Friday, June 11, 2010
My father, Uriah Henderson Taylor (Heck) was born near Mt. Airy, North Carolina on May 14, 1851, the ninth of eleven children. His parents were James Taylor and Nancy Hiatt. They owned their farm, but all had to work very hard. They raised their own flax, and spun and made their cloth. They also raised sheep and made their woolen cloth. Some was made of linen and wool or cotton and wool, called linsey. They tanned the leather for shoes. I have heard my father tell about his father making shoes for his family. He would make one shoe all around and then make the other shoe all around.
The Civil War, although they lived in the South they didn't believe in slavery. Grandfather got a negro slave in trade one time, kept him a short time, and then traded him off. He didn’t want his children growing up any closer to negroes than he could help. They didn't want to fight but as the boys got older they were conscripted into the army and had to go. One brother, Gabriel, was killed in the war, another one, Charles, was wounded in the knee. He was sent home. An officer came around every so often to see when he would be able to go back. The night before the officer was to come, Charlie would pound his leg and have it all inflamed for the officer to see. The war ended before the third son, Evan, was old enough to go. Gabe, the one that was killed, sent his knapsack and bible home to his mother by his comrades. I don’t remember that they even knew where he was buried. My grandfather had heart trouble and was unable to work the last few years of his life. That seemed to be a weakness in so many of the Taylor family.

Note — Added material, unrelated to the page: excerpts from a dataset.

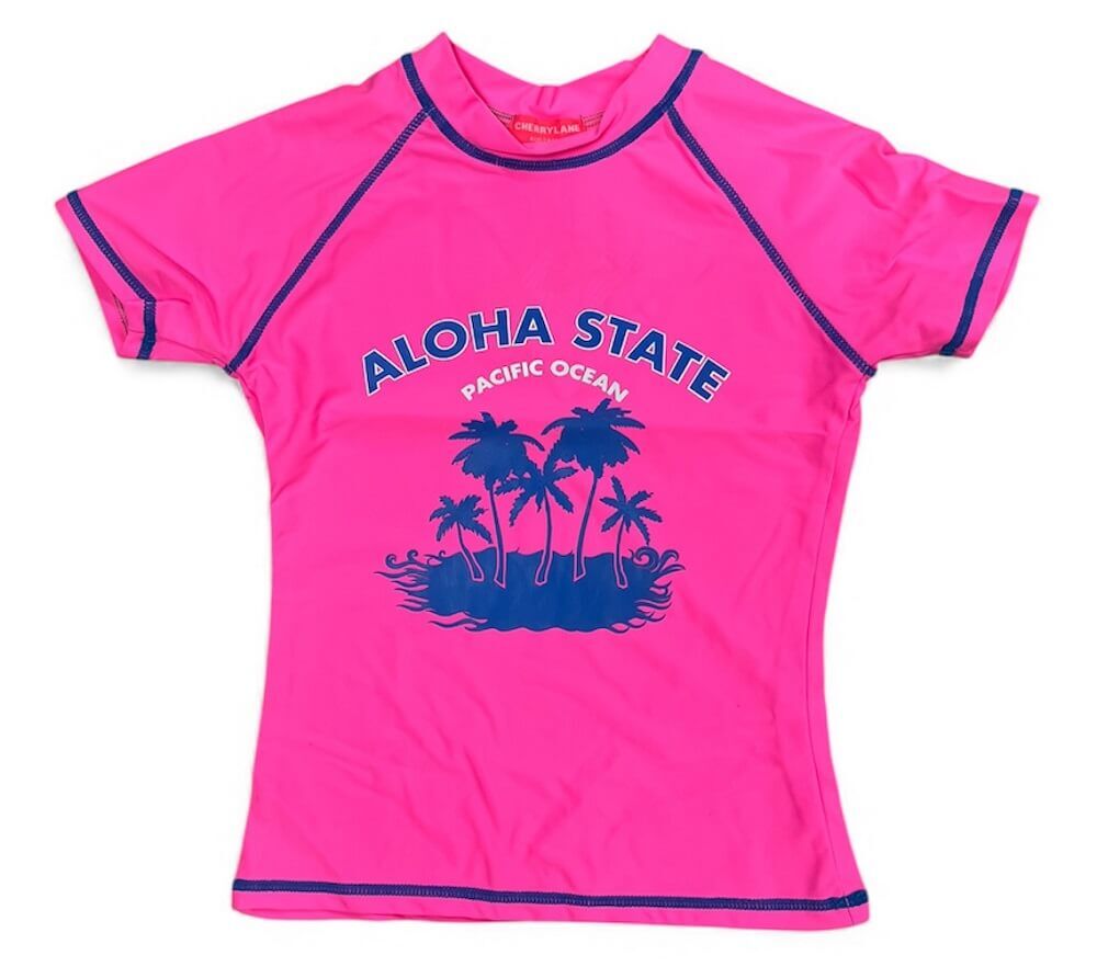 Girls Size 8-16 Hot Pink Aloha Summer Short Sleeve Rash Top Bathers Swimwear UPF50+
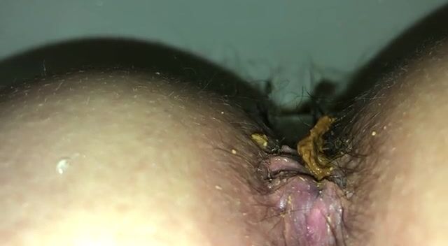 Beautiful girl pooping in close up
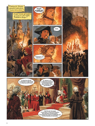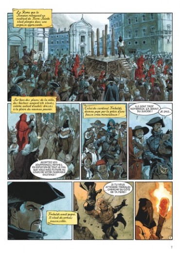 Rentrés secrètement à Rome sans la vraie croix de Saint Pierre, preuve essentielle de l'illégitimité de l'élection du cardinal Trebaldi à la papauté, le Scorpion, son ami le hussard et la gitane Méjaï découvrent une ville où, plus que jamais pressé d'effacer toutes traces de son passé, le nouveau pontife fait régner la terreur avec la complicité du Grand Inquisiteur, de la police implacable des moines guerriers et de dénonciateurs espérant sauver leur vie. Partout, des bûchers se dressent sur lesquels périssent les opposants avérés ou présumés. Un seul dignitaire de l'Eglise ose résister à la tyrannie de Trebaldi : le cardinal de Curtis. Mais pour combien de temps encore ? L'obsession du Scorpion est toujours de dénoncer l'imposture qui a permis l'accession de Trebaldi au trône pontifical. Selon le cardinal rebelle de Curtis, il trouvera les preuves accusatrices dont il a besoin dans les obscures raisons de la condamnation de sa mère pour sorcellerie. Cette révélation incite plus que jamais le Scorpion à percer le mystère de ses origines. Par qui et pourquoi l'exécution de sa mère a-t-elle été commandée ? L'exécuteur serait-il son père ? Tandis que le cardinal de Curtis cherche les réponses dans les archives du Vatican, le Scorpion et ses amis s'efforcent de faire parler les rares témoins des événements qui ont mené au procès et à la condamnation de sa mère. L'implication de Trebaldi dans cette sombre affaire se révèle cruellement déterminante... Premier tome du second cycle.
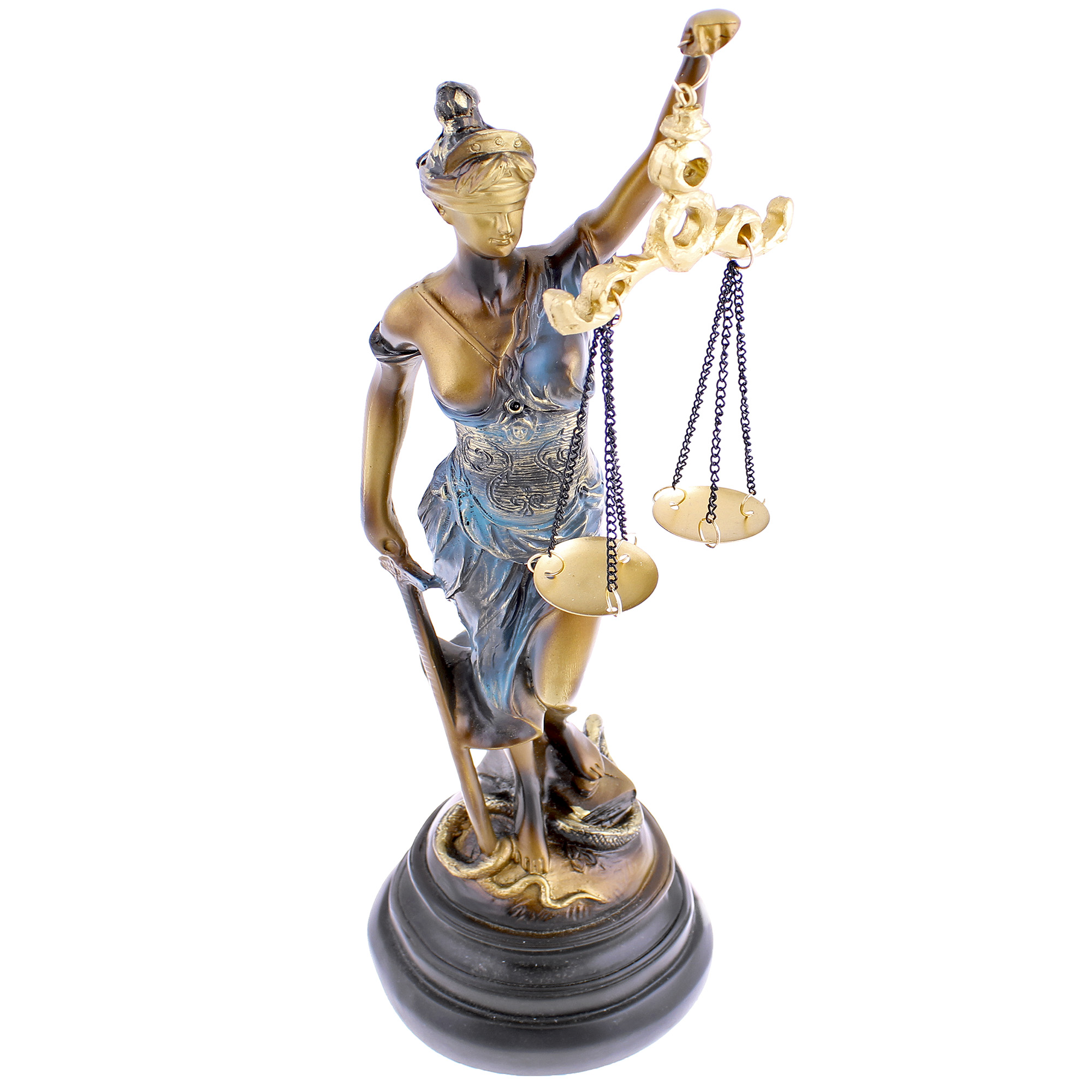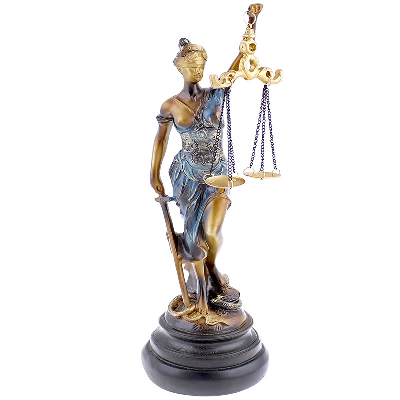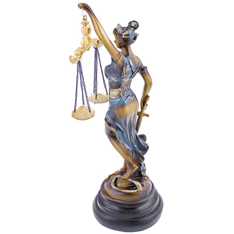 Soška spravodlivosti 33 cm je netradičná, no za to elegantná dekorácia do izby každého bytu či domu. Soška s výškou 33 cm bola vyhotovená z polyresinu, ktorý sa skladá z umelej živice a kameňa. Soška predstavuje starorímsku bohyňu justitiu, ktorá drží v jednej ruke váhy spravodlivosti a v druhej ruke meč. Soška je veľmi detailná so zaviazanými očami. Váha sošky je cca 0,5 kg. Jedná sa tak o originálnu dekoráciu do miestnosti vďaka detailom, prevedeniu ale hlavne myšlienke, ktorú presadzuje.

I don’t know that they belonged to any religion, but they believed in the Bible and its teachings. My parents have each read the Bible through twice. Grandfather would never allow a deck of playing cards in his house. Believing that no good ever came of them, so my father didn't know one card from another, and never did learn. The Taylors were considered to be honest and men of their word.
I understand that the Taylors came from England several-generations ago. Some of them marrying second cousins. I have heard my mother say that this is one reason she came west. She had married a Taylor, and she didn’t want her children to be marrying relatives. I heard Frank Hiatt say that some fellow said that the Taylors thought there was no one else good enough for them. Several of the Taylor and Hiatt families were married. My father was the youngest boy of the family. There were two girls younger than he. When his father died, he said that he wanted father to have the home place, but for him to take care of his mother and sisters as long as they wanted to stay with him. Father and his sister were married the same day, so he lost a sister and gained a wife.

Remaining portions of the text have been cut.